My problem is when I do a query like this:
select *
from tbchunks
where
(CHARINDEX('mystring1',tbchunks.cchunk)< CHARINDEX('mystring2',tbchunks.cchunk))
AND
CHARINDEX('mystring2',tbchunks.cchunk) - CHARINDEX('mystring1',tbchunks.cchunk) <=10
It takes about 3 seconds to complete, and the table chunks is about only 500,000 records and data returned from the above query is anywhere between 0 to 800 max
I have unclustered index on myid column, it helped with making fast select count(*) but didnt help with the above query.
I tried using Fulltext but was slow. i tried spliting the text in cchunk into smaller parts and adding an id column that will connect all those splited chunks, but ended up with a table with 2 million records of splited chunks of text (i did that so i can add index) but still the query was even slower.

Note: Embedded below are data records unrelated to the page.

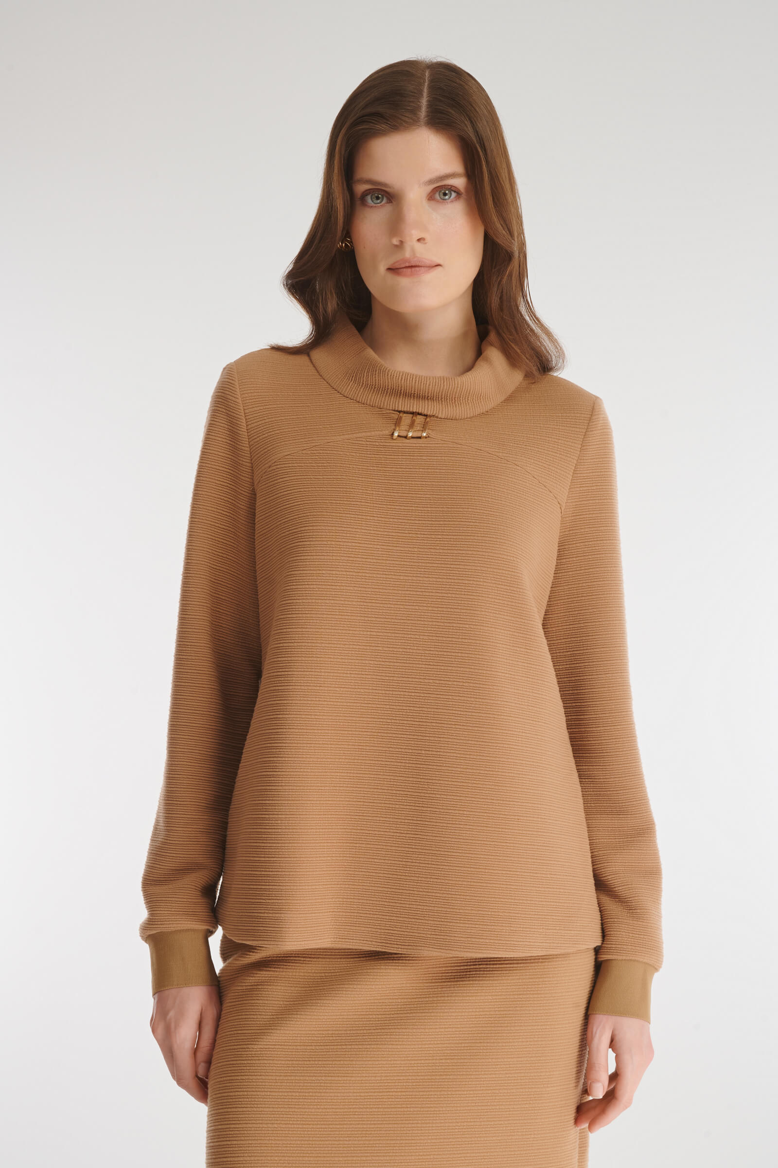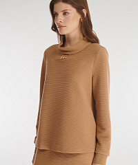 Свитшот с воротником-воронкой выполнен из фактурного материала на основе вискозы. Манжеты на резинке обеспечивают комфортную посадку рукавов. Мастера бренда украсили модель декоративной фурнитурой, сделав дизайн более нарядным и эффектным.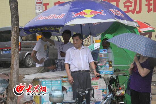 沒帶雨具的市民只好在報攤的遮陽傘下躲雨 (大眾網記者 赫洋 攝)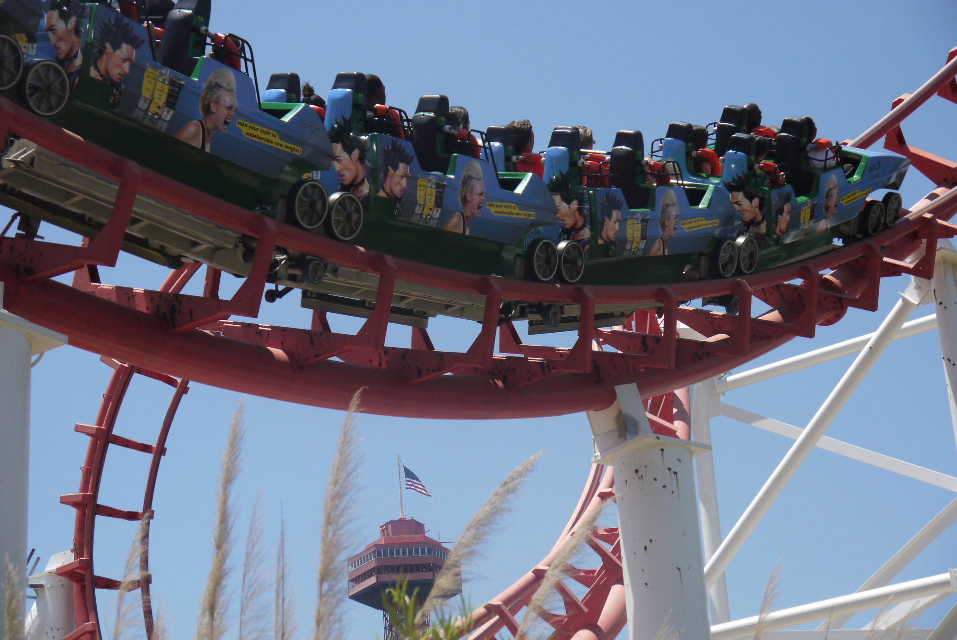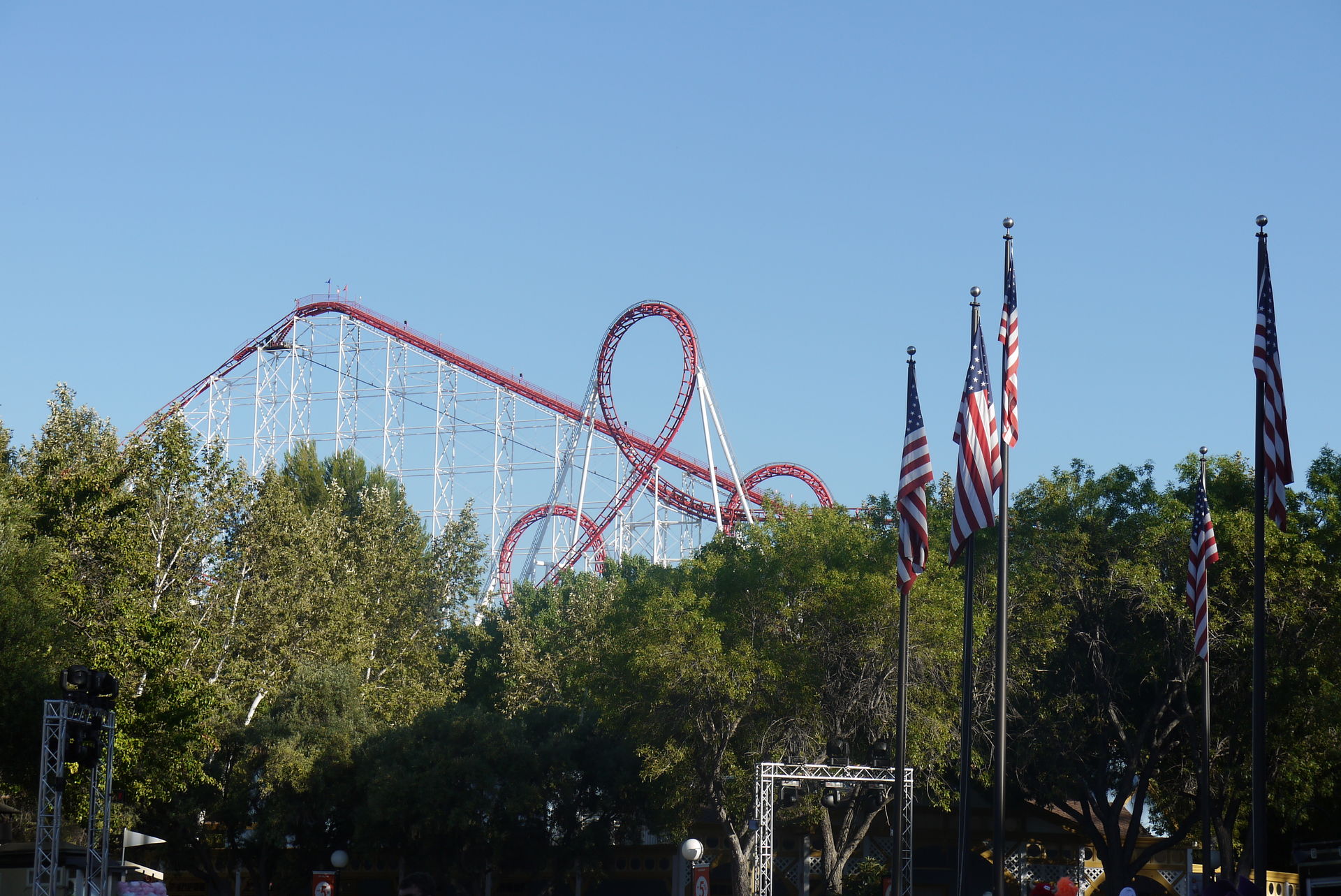 Am Dienstag, dem 17. Juli ging ein weiterer Traum für mich in Erfüllung: wir fuhren in den Six Flags Magic Mountain. Und schon einmal vorweg: NEIN, wie haben nicht alle Bahnen geschafft. Dies wäre an einem Tag selbst mit Flash Pass kaum zu schaffen und außerdem sind nicht alle gefahren. Da uns das Shuttle vom Hostel mit 50$ pro Person Roundtrip zu viel war, haben wir die Metro und 2 Busse genommen. Dies hat etwas mehr als 1,5 Stunden gedauert und nur 14$ Roundtrip gekostet. Da wir schon früh los fuhren waren wir gegen 10 schon am Park. Da dieser aber erst um 10.30 Uhr aufmachte hatten wir noch mehr als genug Zeit um Sarah einen Season Pass zu kaufen. Ich habe meinen ja schon.

EDIT: modified the table to include primary key (int) created fultext catalog with "Accent Senstive=true" created fulltext index on my tabe on column "cchunk" ran the same above query and it ended up taking 22 seconds with is much slower
UPDATE Thanks everyone for suggesting the FullText (@Aaron Bertrand thanks!), i converted my query to this
SELECT * FROM tbchunksAS FT_TBL INNER JOIN CONTAINSTABLE(tbchunks, cchunk, '(mystring1 NEAR mystring2)') AS KEY_TBL ON FT_TBL.cID = KEY_TBL.[KEY]
by the way the cID is the primary key i added later. anyway i am getting borad results and i notice that the higher the RANK column that was returned the better the results. my question is when RANK starts to get accurate?